WHAT TO PRODUCE:
Keep the images out while you retype all of the data exactly.

INFORMATION PROVIDED:

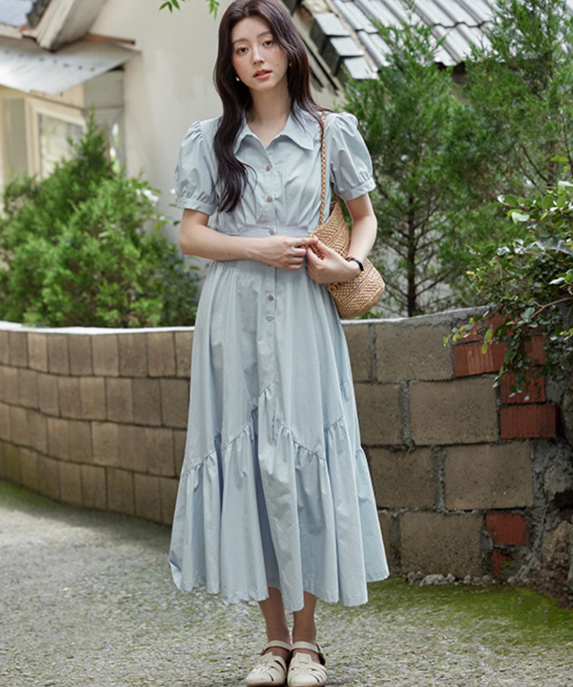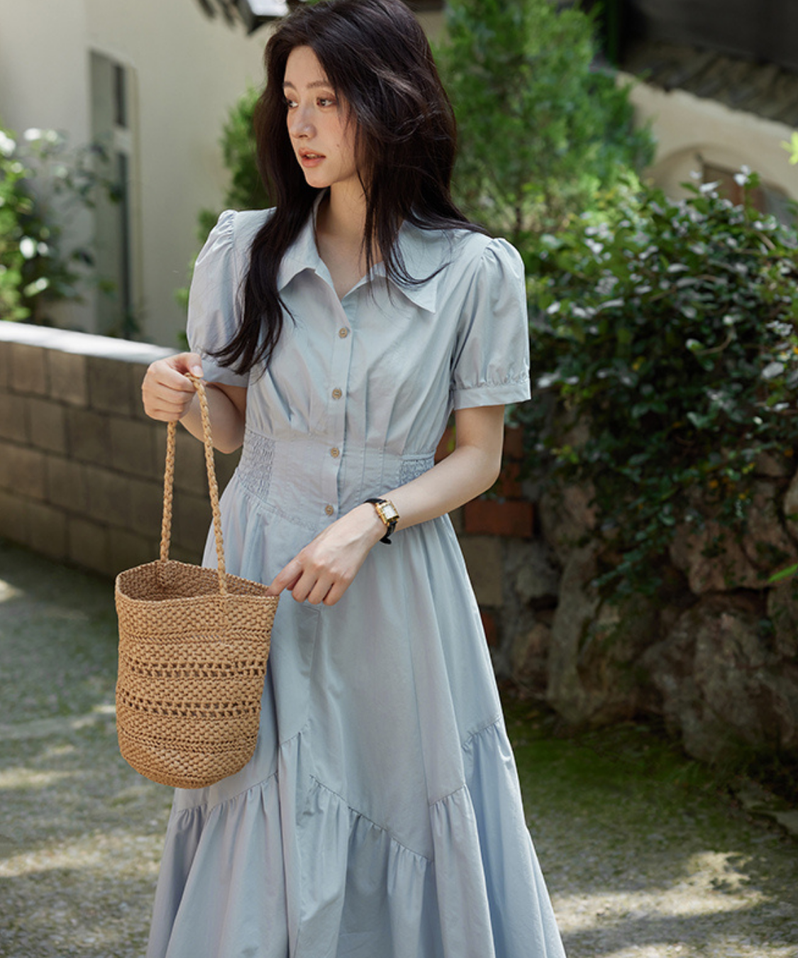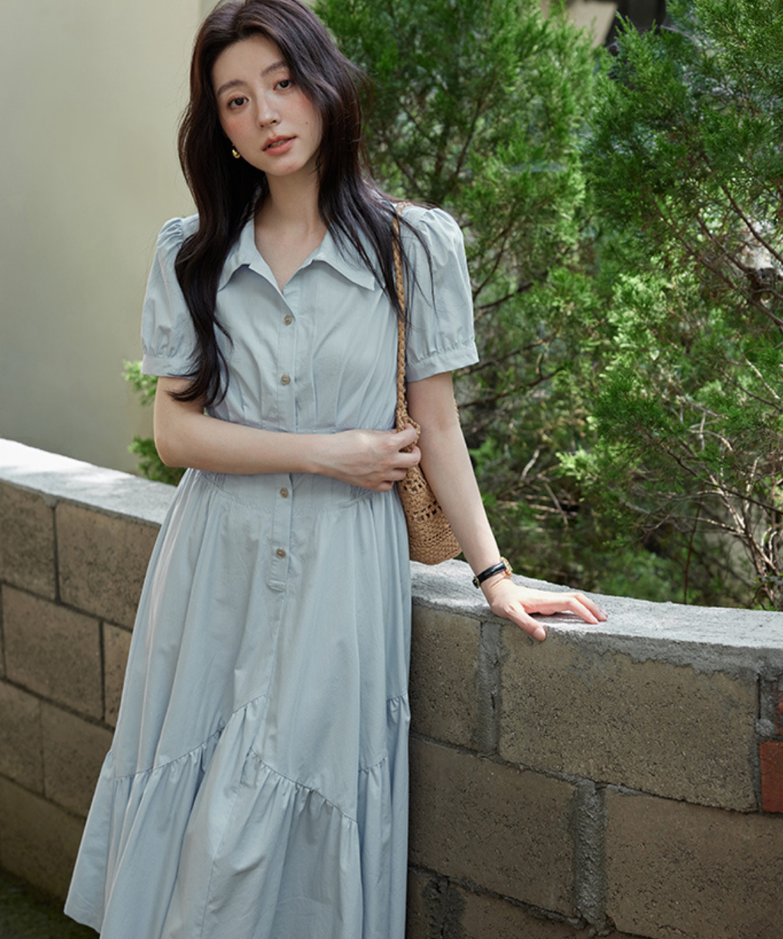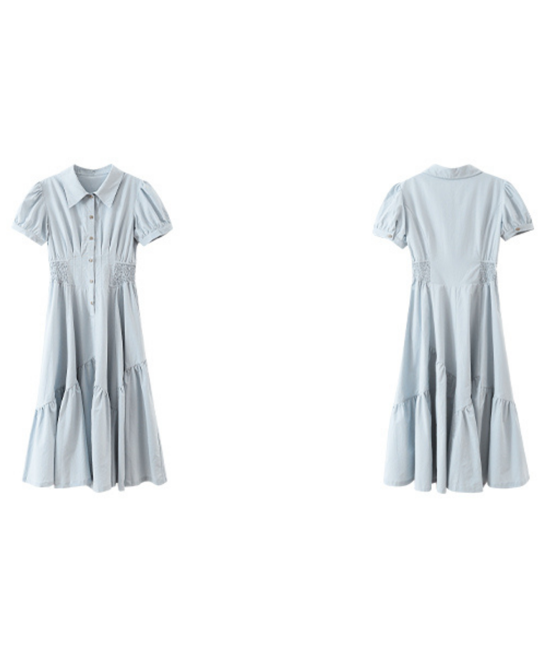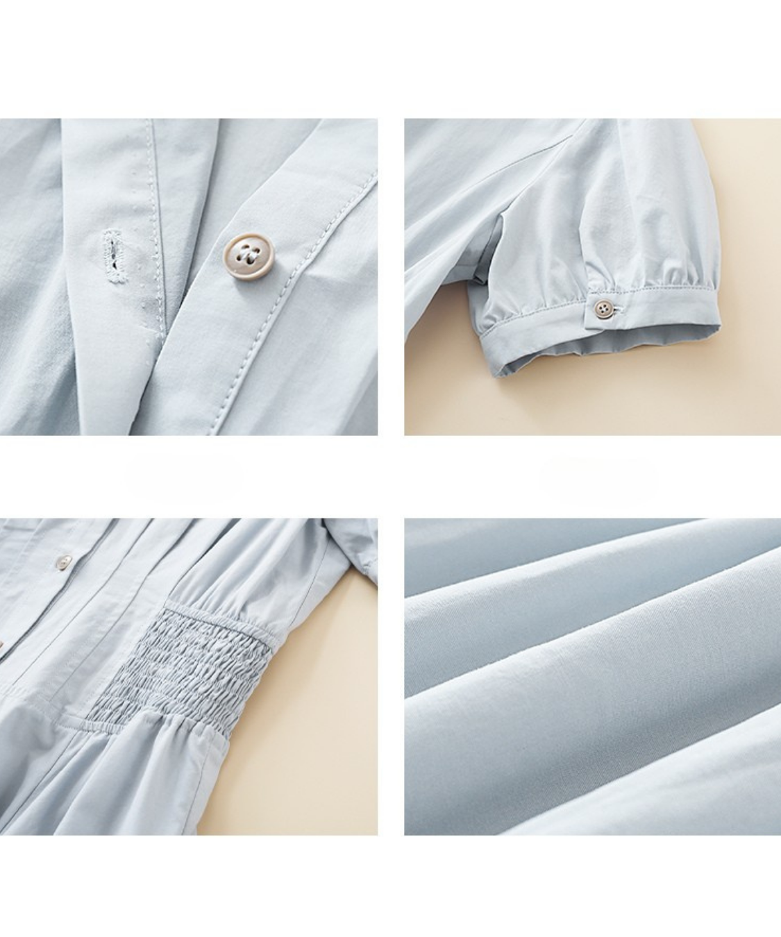 ウエストのシャーリングがポイントのクラシカルなシャツワンピースです。
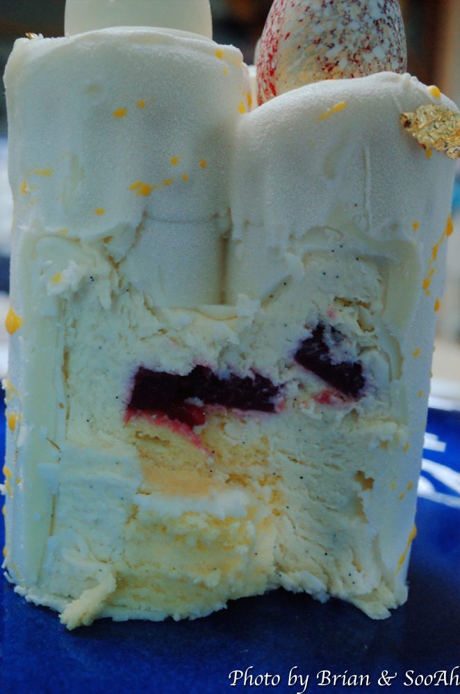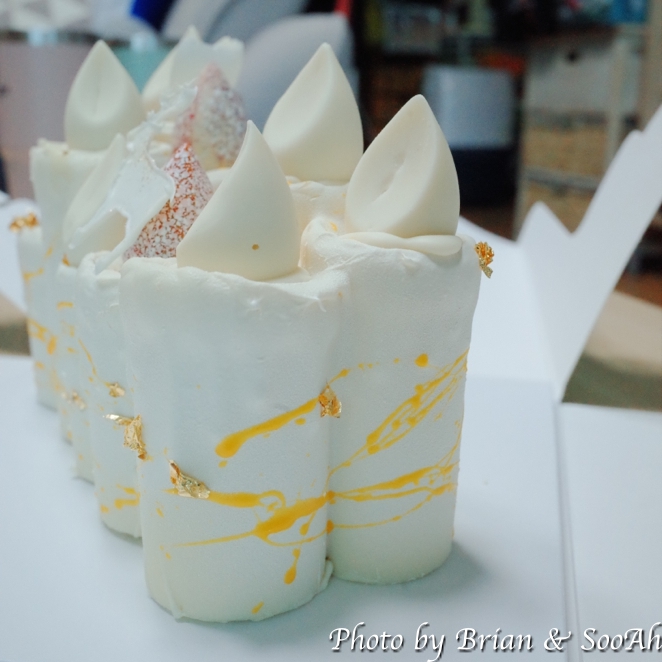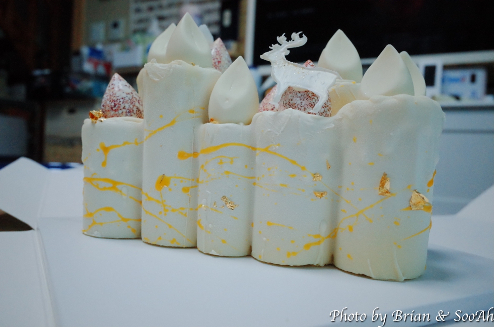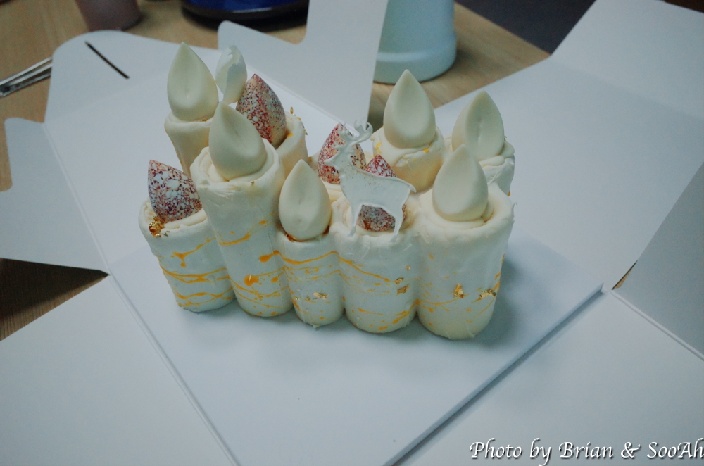 케이크는 외곽은 화이트 초콜렛에 데코가 있었구요. 초 모양은 화이트 초콜렛이 모양을 만들고 있으면, 그 안은 바닐라와 산딸기가 있어서, 뭔가 아이스크림 케이크를 먹는 느낌도 나고, 또 다양한 맛이 나와서 올해도 실망시키지 않는 퀄리티를 보여준 쟈댕디베르였는데요.
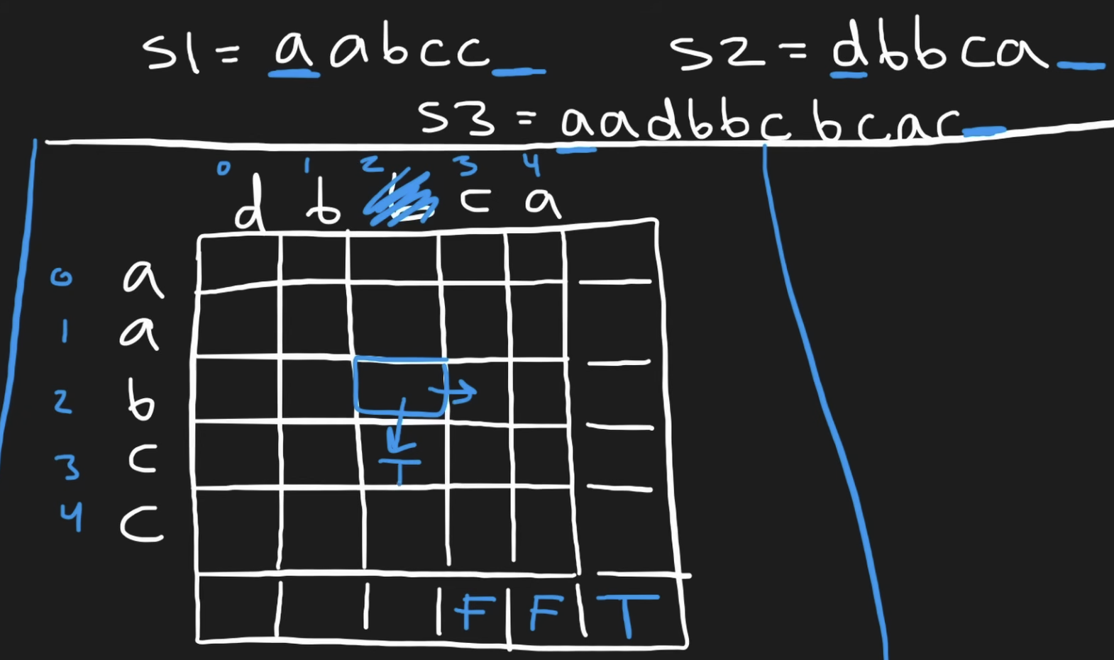if i < len(s1) and s1[i] == s3[i + j] and dp[i + 1][j]:
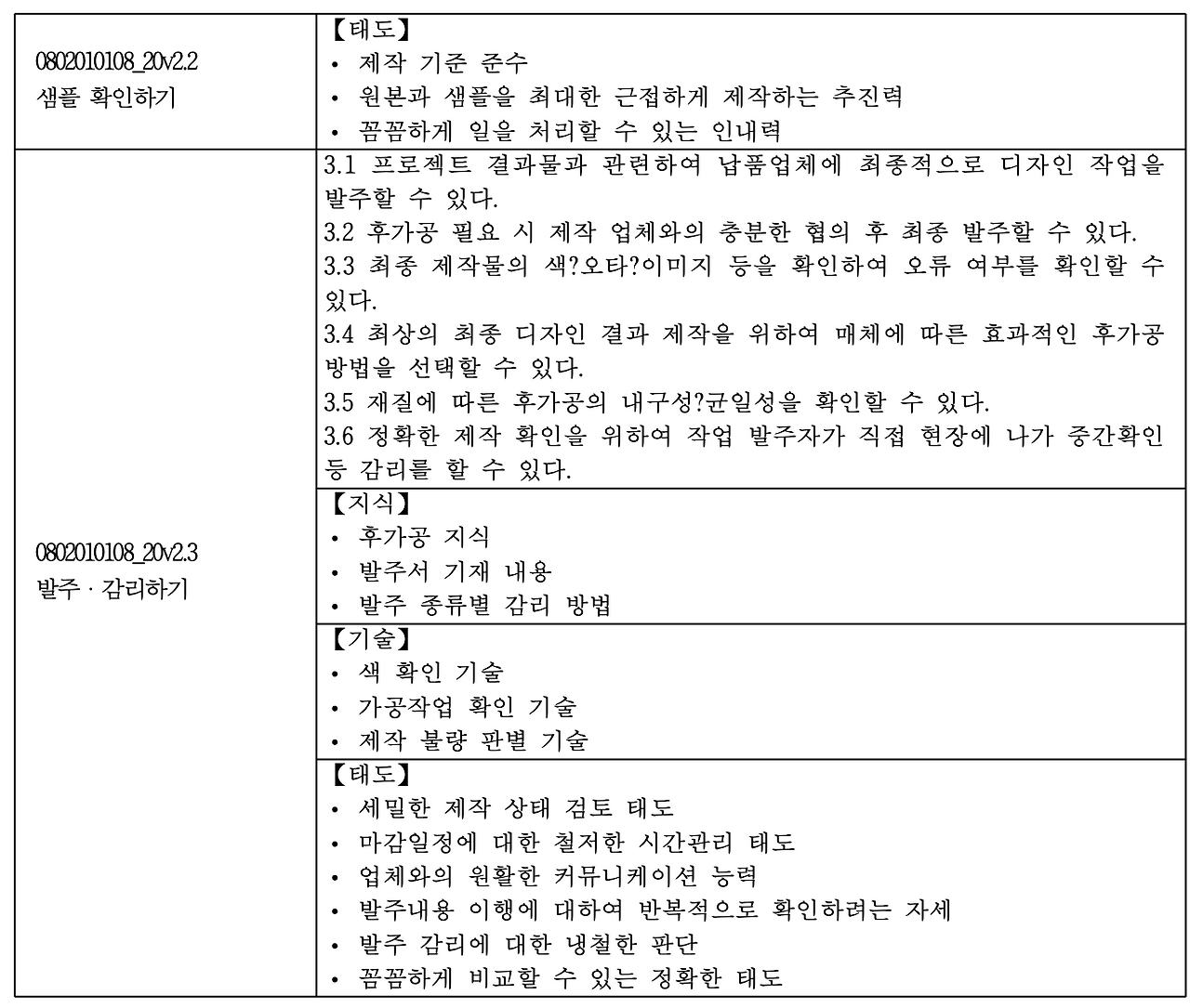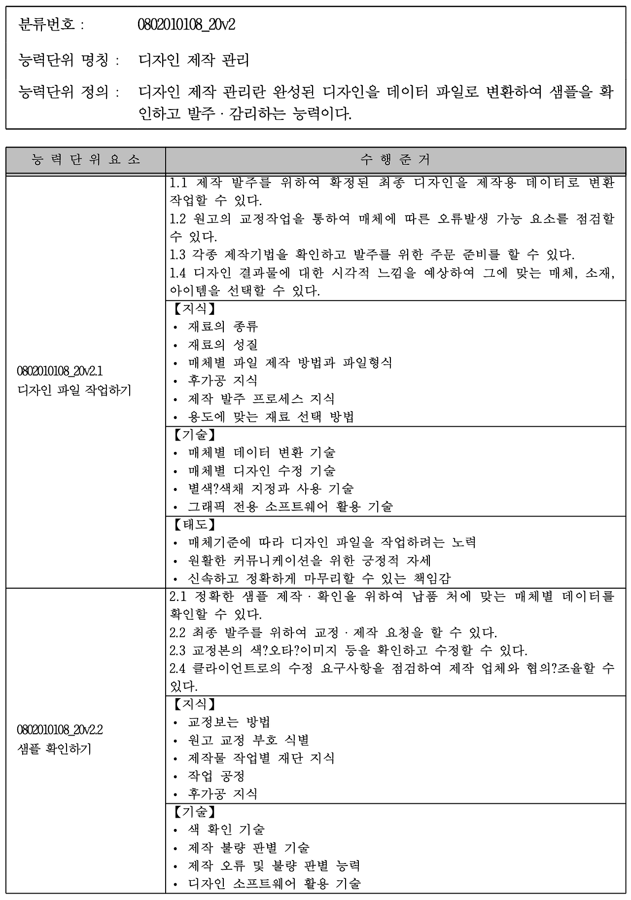 시각디자인 직무자인 자신에게 물어본다. 나는 디자인 능력구분 중 디자인 제작관리 능력이 어느 수준인가? 단순히 시각적 미감이 우수한 수준의 시안을 만들어내는 것은 디자이너 능력 중 극히 일부분에 지나지 않는다. 올바른 데이터로 제작할 수 있어야 하며, 꼼꼼한 교정능력과 기법에 대한 이론지식 또한 갖추고 있어야 한다. 산업군에 따라 필요로 하는 재료에 대한 이해와 성질, 후가공지 식 또한 있어야 한다. 능력단위마다 필요한 태도까지 정리되어 있어 읽다 보면 내가 이 직군을 얼마나 얕잡아봤길래 말도 안 되는 걱정을 했나 싶고, 또 나 자신에게서 부족한 지식이나 기술, 또는 태도에 대해 점검할 수 있게 된다.

REPLY TO THE TASK:
 ウエストのシャーリングがポイントのクラシカルなシャツワンピースです。
 케이크는 외곽은 화이트 초콜렛에 데코가 있었구요. 초 모양은 화이트 초콜렛이 모양을 만들고 있으면, 그 안은 바닐라와 산딸기가 있어서, 뭔가 아이스크림 케이크를 먹는 느낌도 나고, 또 다양한 맛이 나와서 올해도 실망시키지 않는 퀄리티를 보여준 쟈댕디베르였는데요.
if i < len(s1) and s1[i] == s3[i + j] and dp[i + 1][j]:
 시각디자인 직무자인 자신에게 물어본다. 나는 디자인 능력구분 중 디자인 제작관리 능력이 어느 수준인가? 단순히 시각적 미감이 우수한 수준의 시안을 만들어내는 것은 디자이너 능력 중 극히 일부분에 지나지 않는다. 올바른 데이터로 제작할 수 있어야 하며, 꼼꼼한 교정능력과 기법에 대한 이론지식 또한 갖추고 있어야 한다. 산업군에 따라 필요로 하는 재료에 대한 이해와 성질, 후가공지 식 또한 있어야 한다. 능력단위마다 필요한 태도까지 정리되어 있어 읽다 보면 내가 이 직군을 얼마나 얕잡아봤길래 말도 안 되는 걱정을 했나 싶고, 또 나 자신에게서 부족한 지식이나 기술, 또는 태도에 대해 점검할 수 있게 된다.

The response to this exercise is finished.